INPUT RECORDS:
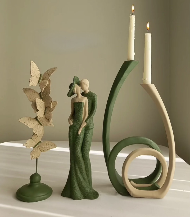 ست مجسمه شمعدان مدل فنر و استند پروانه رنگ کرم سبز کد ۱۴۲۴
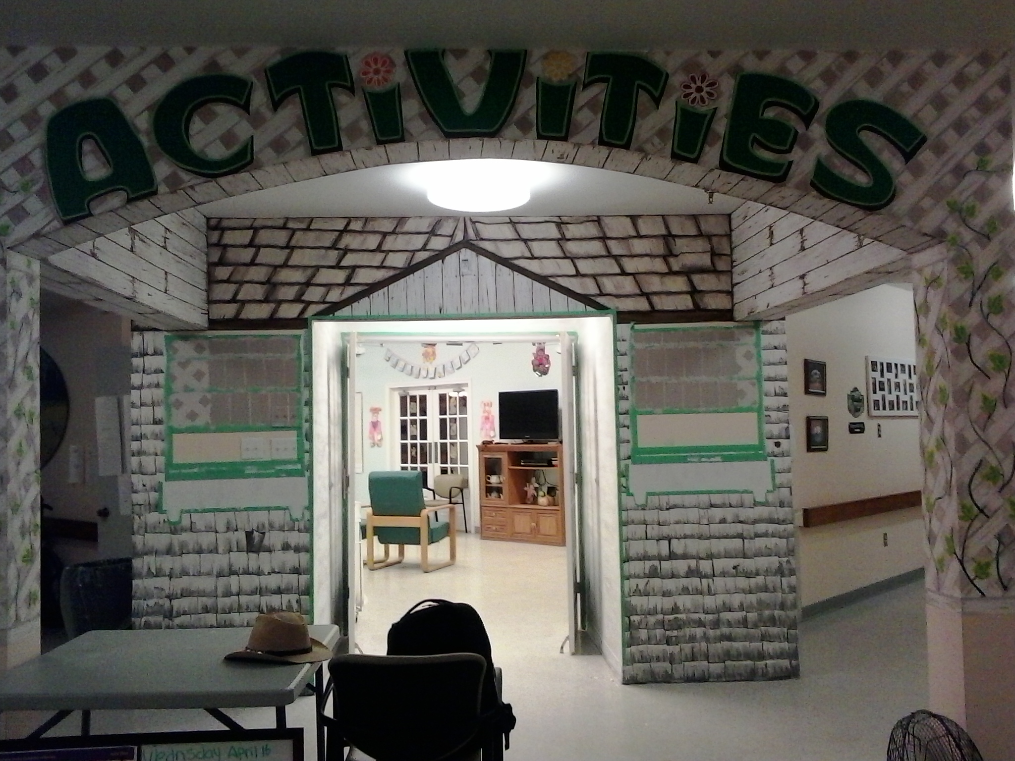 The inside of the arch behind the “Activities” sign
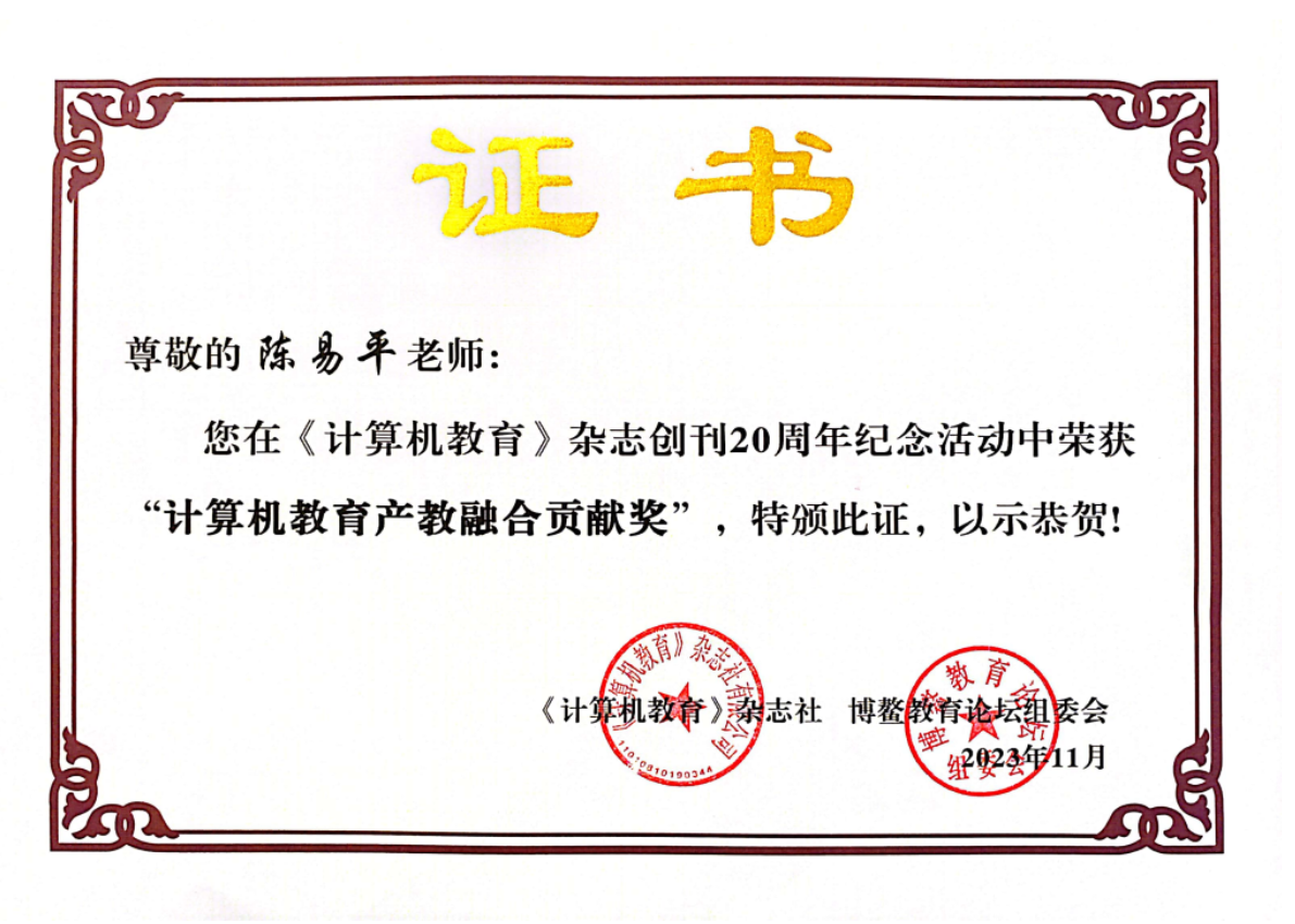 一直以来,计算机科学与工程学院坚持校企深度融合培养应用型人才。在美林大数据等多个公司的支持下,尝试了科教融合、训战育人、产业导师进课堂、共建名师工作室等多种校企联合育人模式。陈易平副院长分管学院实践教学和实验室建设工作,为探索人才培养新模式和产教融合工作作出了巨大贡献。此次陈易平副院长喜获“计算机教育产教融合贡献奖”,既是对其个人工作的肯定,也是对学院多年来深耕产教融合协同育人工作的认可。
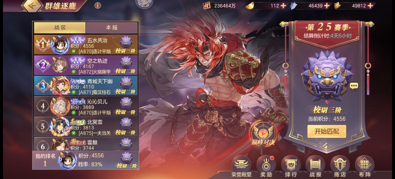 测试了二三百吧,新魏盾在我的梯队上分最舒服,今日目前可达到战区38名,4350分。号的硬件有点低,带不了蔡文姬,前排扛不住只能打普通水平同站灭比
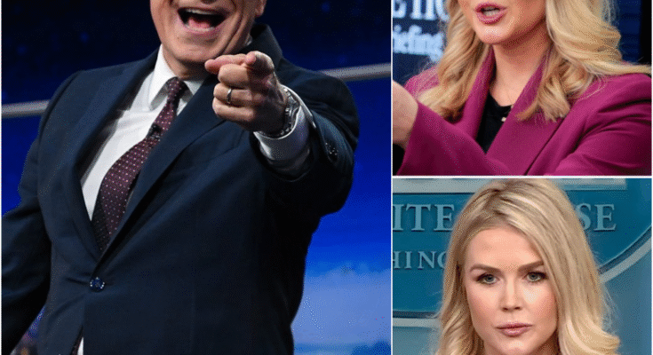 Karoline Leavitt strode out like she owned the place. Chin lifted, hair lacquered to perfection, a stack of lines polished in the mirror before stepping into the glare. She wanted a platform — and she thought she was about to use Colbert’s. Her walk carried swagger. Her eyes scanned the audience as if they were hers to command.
==
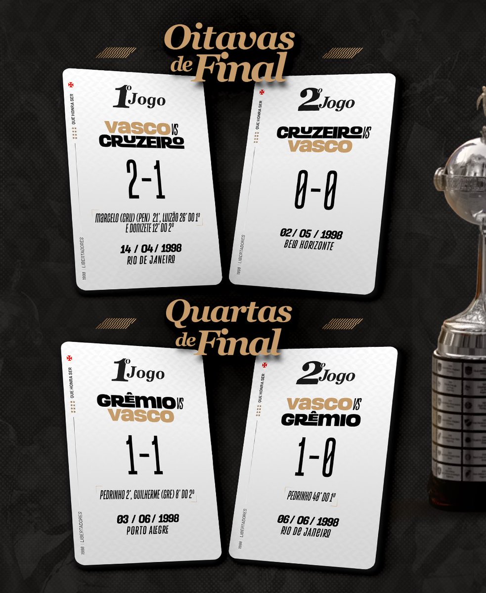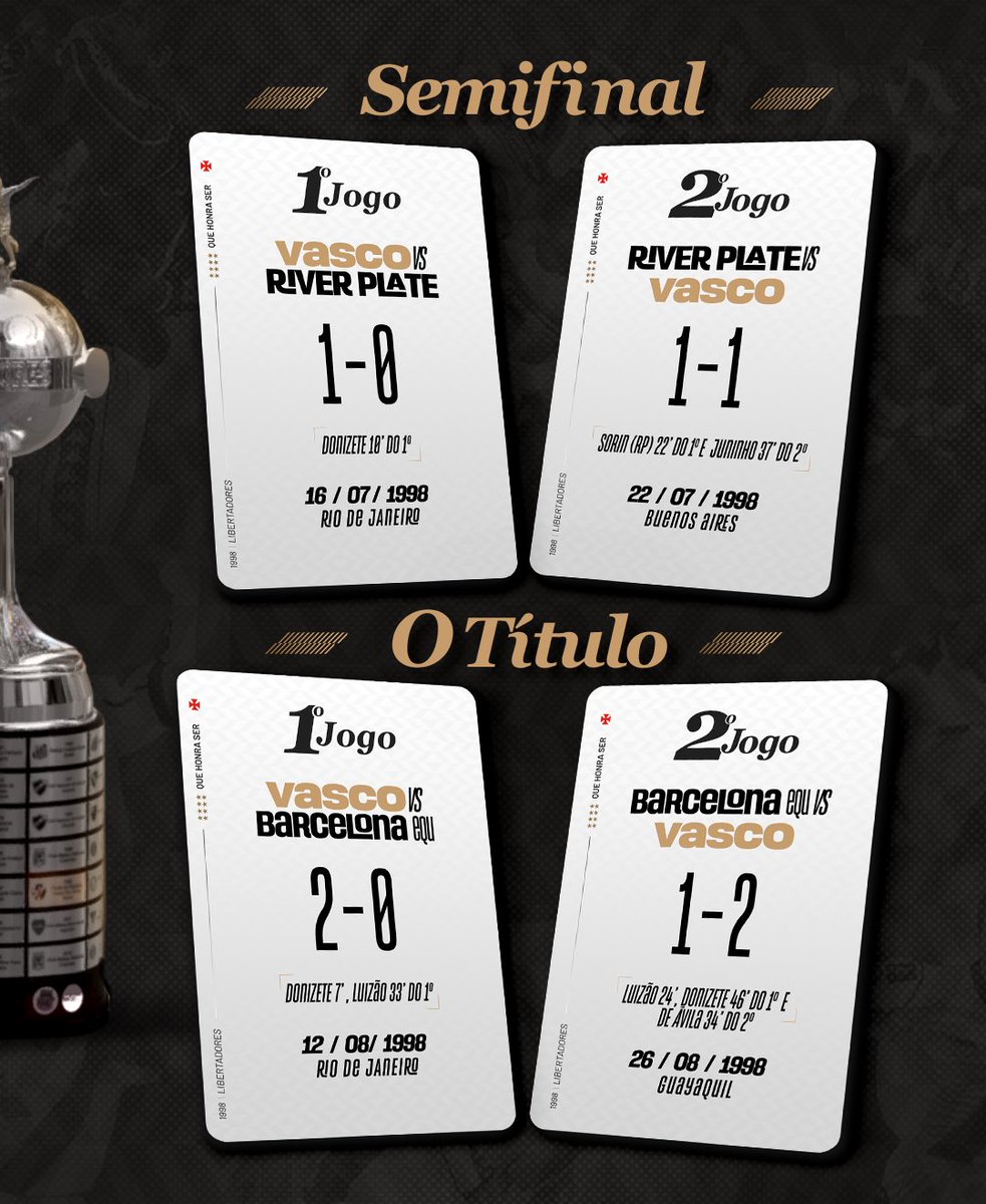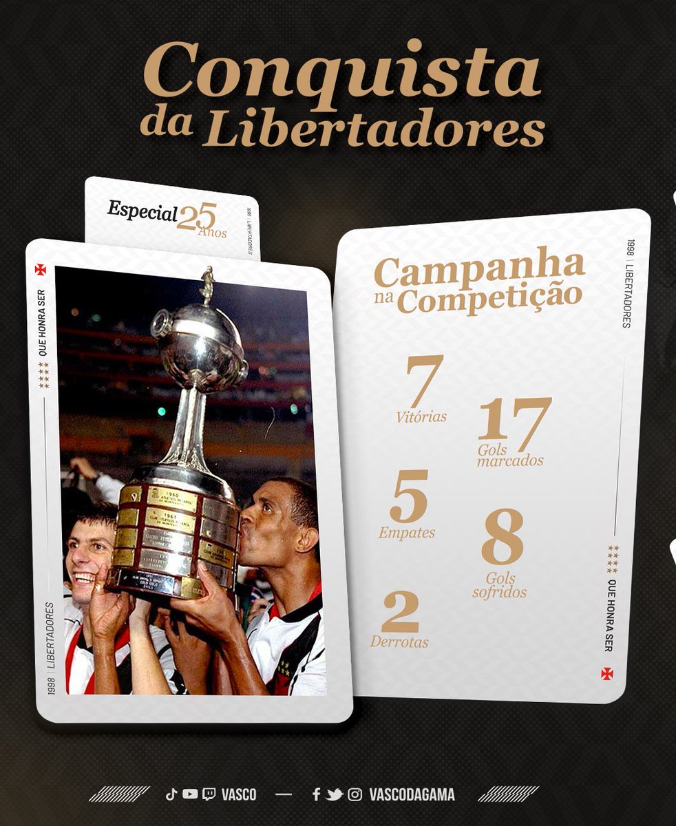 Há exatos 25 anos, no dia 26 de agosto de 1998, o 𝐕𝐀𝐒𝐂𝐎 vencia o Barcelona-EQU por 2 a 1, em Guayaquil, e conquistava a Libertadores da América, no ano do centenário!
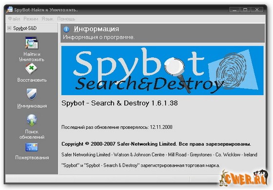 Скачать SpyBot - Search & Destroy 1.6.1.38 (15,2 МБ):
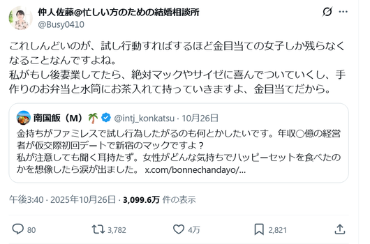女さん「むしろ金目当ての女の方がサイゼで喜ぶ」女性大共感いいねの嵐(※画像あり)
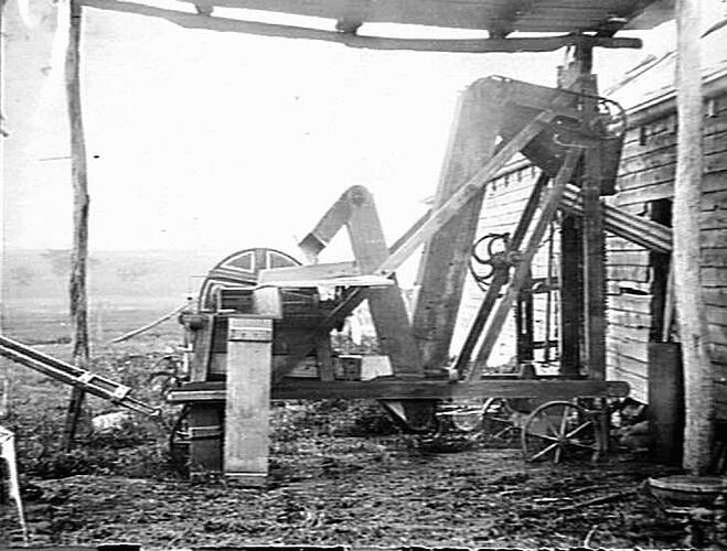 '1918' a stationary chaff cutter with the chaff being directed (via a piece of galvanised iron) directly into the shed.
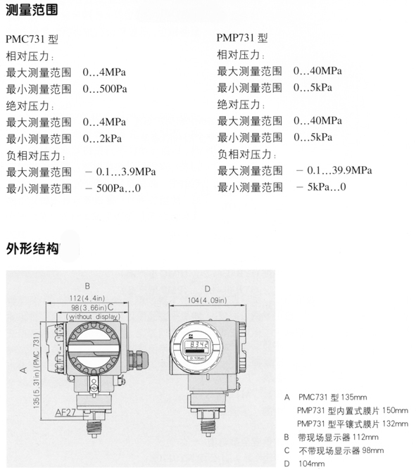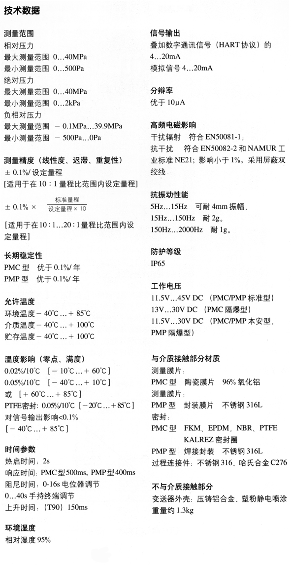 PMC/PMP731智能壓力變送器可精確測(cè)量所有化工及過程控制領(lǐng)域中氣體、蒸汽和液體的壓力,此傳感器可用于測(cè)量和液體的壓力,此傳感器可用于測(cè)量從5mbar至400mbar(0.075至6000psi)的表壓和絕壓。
...
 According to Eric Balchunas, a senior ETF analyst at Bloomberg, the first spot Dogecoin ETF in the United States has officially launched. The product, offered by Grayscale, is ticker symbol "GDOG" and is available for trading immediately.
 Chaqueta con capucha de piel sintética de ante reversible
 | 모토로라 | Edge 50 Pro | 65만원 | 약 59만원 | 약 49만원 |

PROBLEM:
Your answer must be everything above from the line with "一直以来,计算机科学与工程学" down to the line with "Karoline Leavitt strode", word for word, and no pictures.

THE COMPLETED TASK:
 一直以来,计算机科学与工程学院坚持校企深度融合培养应用型人才。在美林大数据等多个公司的支持下,尝试了科教融合、训战育人、产业导师进课堂、共建名师工作室等多种校企联合育人模式。陈易平副院长分管学院实践教学和实验室建设工作,为探索人才培养新模式和产教融合工作作出了巨大贡献。此次陈易平副院长喜获“计算机教育产教融合贡献奖”,既是对其个人工作的肯定,也是对学院多年来深耕产教融合协同育人工作的认可。
 测试了二三百吧,新魏盾在我的梯队上分最舒服,今日目前可达到战区38名,4350分。号的硬件有点低,带不了蔡文姬,前排扛不住只能打普通水平同站灭比
 Karoline Leavitt strode out like she owned the place. Chin lifted, hair lacquered to perfection, a stack of lines polished in the mirror before stepping into the glare. She wanted a platform — and she thought she was about to use Colbert’s. Her walk carried swagger. Her eyes scanned the audience as if they were hers to command.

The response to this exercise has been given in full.